The submissions were done in two phases:
-
Phase 1 — Non-catalog pages (Dec 2025): 466 non-catalog URLs (317 static HTML pages, 112 PDFs and 38 images) were submitted on Dec 7-8, 2025 using SaveToWBM_mmdc_non-catalog-pages.py. Result: 466/466 (100%) successfully archived.
-
Phase 2 — Catalog pages (Apr 2026): All 11.738 pre-rendered catalog pages were submitted Apr 2-11, 2026 using SaveToWBM_mmdc_catalog-pages.py. After an initial pass (11.658 successful) and a retry of the remaining 80, result: 11.738/11.738 (100%) indexed in the Wayback Machine.
Both scripts use concurrent connections (max 12), automatic retry on failure (up to 3 attempts), rate-limit handling, and checkpoint-based resume.
4. Local archive (on Github)
The rendered catalog pages are kept locally under _archiving-artifacts/local-archive/catalog-pages/ as a second, independent preservation copy. Because of GitHub storage limits, only 10 (out of 11.738) sample pages have been uploaded to this folder (catalog-page-2, 10, 100, 500, 1000, 2005, 3001, 5000, 7000, 9000).
The full set of 11.738 html files can be obtained from the Wayback Machine (using the master Excel), or via the KB (olaf.janssen@kb.nl).
Additionally, all static pages were rendered locally using render_static_pages.py. These, together with all PDFs and images, have also been archived locally on GitHub:
static-pages(318)pdfs(63)images(38)
5. Lessons learned
For a detailed account of what went wrong, what we tried, and what we learned — including the JavaScript rendering problem, the rate limiting disaster, and reflections on human-AI collaboration — see the Lessons learned page.
Folder structure
mmdc.nl/
├── index.md # This page
├── lessons-learned.md # Lessons learned from this project
├── excel-details.md # Column-by-column breakdown of the Excel
├── mmdc-urls-unified_15042026.xlsx # Master URL list with WBM status
├── images/ # Screenshots used in docs
├── _spider-artifacts/ # URL discovery (the spidering run)
│ ├── input/seed-urls.txt
│ ├── scripts/ # spider.py, url_classifier.py, …

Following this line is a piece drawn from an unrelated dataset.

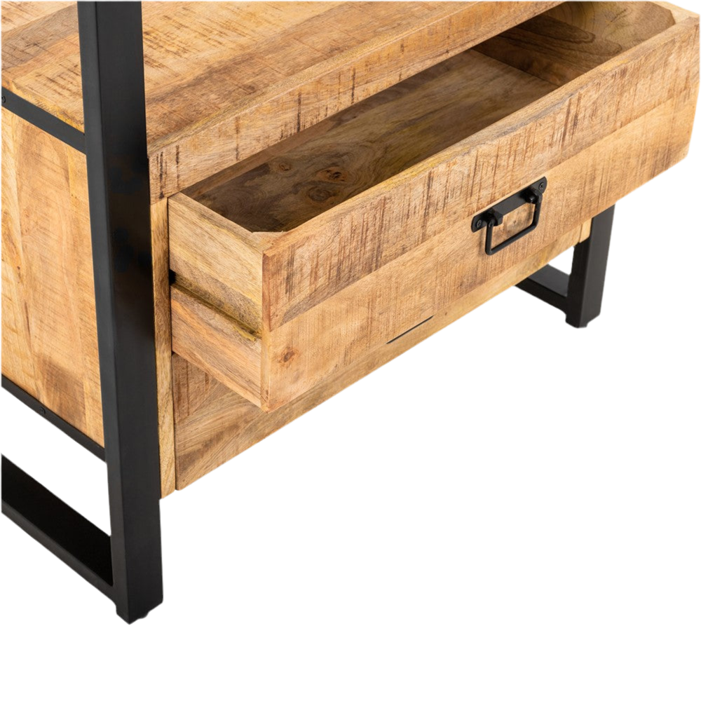 Het lage kastje met hoge pootjes heeft een volledig zwart stalen frame dat het mangohout omlijst voor een strakke en moderne uitstraling. Het kastje staat op hoge pootjes, wat een luchtige en eigentijdse look creëert. Het heeft een open vak en twee laden, waardoor er voldoende opbergruimte is voor spullen, terwijl het zwart-witte kleurenschema een minimalistische en stijlvolle esthetiek biedt. Het poedercoat zwarte staal en het zwart afgewerkte mangohout zorgen voor een harmonieuze en eigentijdse uitstraling.

│ ├── docs/ # PLAN-url-spider-mmdc.md, DISCOVERY-sru-api.md
│ └── runtime/ # checkpoints, logs, storage
└── _archiving-artifacts/ # WBM submission & local rendering
├── scripts/ # 4 core Python scripts:
│ ├── render_static_pages.py # render static pages to standalone HTML
│ ├── render_catalog_full.py # render all 11.738 catalog pages to standalone HTML
│ ├── SaveToWBM_mmdc_non-catalog-pages.py # submit static pages to WBM
│ └── SaveToWBM_mmdc_catalog-pages.py # submit catalog pages to WBM
├── data/ # JSON result files (progress, results)
└── local-archive/ # Full local site copy
├── static-pages/ # 318 rendered static HTML pages
├── catalog-pages/ # 10 sample catalog pages (of 11.738)
├── pdfs/ # 63 PDFs
└── images/ # 38 images
Timeline
Dates reconstructed from the WBM_Timestamp_submission columns of the spreadsheet and from the surrounding session logs (all times UTC).

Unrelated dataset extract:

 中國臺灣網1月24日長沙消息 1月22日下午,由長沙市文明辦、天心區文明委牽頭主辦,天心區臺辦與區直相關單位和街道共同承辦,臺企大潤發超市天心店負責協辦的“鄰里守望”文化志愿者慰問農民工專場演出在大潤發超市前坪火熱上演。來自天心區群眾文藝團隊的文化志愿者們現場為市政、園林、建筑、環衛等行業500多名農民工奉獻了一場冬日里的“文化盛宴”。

| Date | Activity | Output |
|---|---|---|
| 2025 (sporadic) | A handful of early WBM captures of individual pages (one each on 2025-01-20, 2025-04-29, 2025-05-14, 2025-09-17/18/19) | 7 static pages opportunistically in the Wayback Machine |
| Nov–early Dec 2025 | Site spidering with Python + Crawlee (headless browser), URL classification, catalog-ID enumeration, PDF harvesting | mmdc-urls-unified_15042026.xlsx — 317 static pages, 112 PDFs, 38 assets, 11.738 catalog record IDs |
| Dec 2025 | Rendering of all static pages to standalone HTML using render_static_pages.py | 318 rendered static HTML pages in local-archive/static-pages/ |
| 2025-12-07 → 2025-12-08 | Mass WBM submission of all 466 non-catalog URLs (317 static pages, 112 PDFs, 38 images) via SPN2 API using SaveToWBM_mmdc_non-catalog-pages.py | 429/429 (100%) successfully archived |
| 2025-12-15 | mmdc.nl officially phased out; domain starts redirecting to the KB manuscripts landing page | Live site no longer available |
| Dec 2025 | PDFs and static asset images downloaded locally; 26 PDFs freshly indexed in WBM, 40 already had older captures | 112 PDFs + 38 images preserved locally |
| Late Dec 2025 – Mar 2026 | Headless-browser rendering of all 11.738 catalog records to self-contained HTML using render_catalog_full.py, with resume + retry across multiple sessions | 11.738 files in local-archive/catalog-pages/catalog-page-{N}.html |
| 2026-04-02 → 2026-04-07 | Sequential WBM submission of all 11.738 pre-rendered catalog pages using SaveToWBM_mmdc_catalog-pages.py | ≈ 2.000–3.000 submissions/day, 11.658 successful on first pass |
| 2026-04-08 → 2026-04-10 | CDX-API verification of indexed captures; identification of 80 URLs that needed retry | Retry list compiled |
| 2026-04-11 | 34-minute retry pass for the remaining 80 catalog pages | 11.738/11.738 catalog pages indexed in the Wayback Machine |
| 2026-04-15 | Unified spreadsheet exported with final WBM capture URLs and timestamps | mmdc-urls-unified_15042026.xlsx |
See also the broader development timeline for day-by-day submission counts.
Notes & known issues
- The large local artifacts (11.738 rendered catalog pages in
_archiving-artifacts/local-archive/catalog-pages/are kept outside GitHub because the total repo exceeds GitHub’s 2 GB limit. 10 sample pages are included; the full set can be obtained from the Wayback Machine or via the KB (olaf.janssen@kb.nl).